Recent acquisitions have substantially added to the Chinese Political Poster / Prints collection.

34 nianhua (Chinese New Year ) prints from the 1949-1952 period present new but related images. This will remain a ‘work-in-progress’ since with the prints also came a small but interesting selection of related books from the period but published in Eastern Europe. The prints are on-line now but in several instances details are still to be provided regarding their makers and titles.

These books include a number on the cartoons produced in China during the Mao period, an important but less well-known aspect of Chinese art at the period.

To expand the coverage of that period further, we draw your attention to a small collection of photographs we took whilst attending the Guangzhou Trade Fair in April 1977. Mao Zedong had died just 7 months before and the country was still in a state of confusion.

The damning of the ‘Gang of Four’ was well underway and the posters pasted on the walls or in display cabinets left little doubt as to the anger there was in China towards this quartet.

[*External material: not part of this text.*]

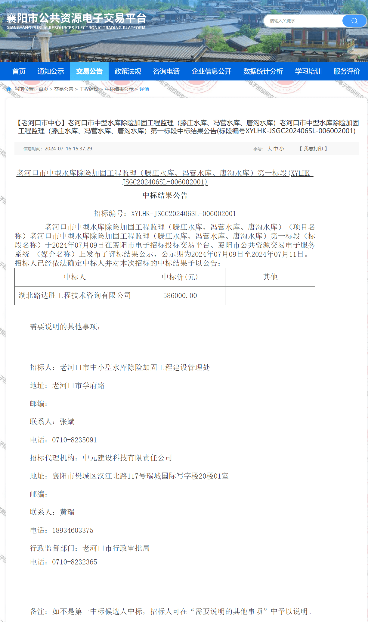 老河口市中型水库除险加固工程监理(滕庄水库、冯营水库、唐沟水库)(项目名称)老河口市中型水库除险加固工程监理(滕庄水库、冯营水库、唐沟水库)第一标段(标段名称)于2024年07月09日在襄阳市电子招标投标交易平台、襄阳市公共资源交易电子服务系统 (媒介名称)上发布了评标结果公示,公示期为2024年07月09日至2024年07月11日。招标人已经依法确定中标人并对本次招标的中标结果予以公告:

These hand-drawn posters reveal much but very few have made it to print and even less into books.

We took over 100 photographs of these posters, as well pictures of street and other scenes in the city. They were taken with an element of risk to our personal safety, since on several occasions we had to flee to avoid receiving a thrashing.

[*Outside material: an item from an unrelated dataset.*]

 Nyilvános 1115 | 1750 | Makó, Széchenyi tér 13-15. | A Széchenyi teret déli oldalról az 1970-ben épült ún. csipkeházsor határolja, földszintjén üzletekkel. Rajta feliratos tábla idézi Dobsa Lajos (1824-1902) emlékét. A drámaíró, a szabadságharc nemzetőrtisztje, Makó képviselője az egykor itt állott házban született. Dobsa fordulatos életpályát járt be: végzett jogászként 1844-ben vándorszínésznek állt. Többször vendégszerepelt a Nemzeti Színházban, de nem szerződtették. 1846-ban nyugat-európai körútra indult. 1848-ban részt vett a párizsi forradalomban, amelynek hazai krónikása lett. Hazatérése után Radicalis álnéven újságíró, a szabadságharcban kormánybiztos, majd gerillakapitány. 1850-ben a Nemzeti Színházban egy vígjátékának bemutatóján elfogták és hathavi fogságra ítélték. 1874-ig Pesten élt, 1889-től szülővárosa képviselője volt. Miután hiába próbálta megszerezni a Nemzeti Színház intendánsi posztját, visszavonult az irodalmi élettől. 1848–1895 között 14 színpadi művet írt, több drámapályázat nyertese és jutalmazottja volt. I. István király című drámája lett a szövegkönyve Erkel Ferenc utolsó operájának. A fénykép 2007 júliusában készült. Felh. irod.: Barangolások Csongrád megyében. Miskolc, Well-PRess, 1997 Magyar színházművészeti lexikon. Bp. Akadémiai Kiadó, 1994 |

The most gratifying aspect of presenting the nianhua prints and aspects of the Chinese Offerings collection is that in many ways they are very similar in use and production by much the same people with only the time and location being different.

Most literature on the origin of the nianhua prints refers to door and kitchen gods found in family homes . Little is mentioned about the prints used in temple festivals though they were similarly produced.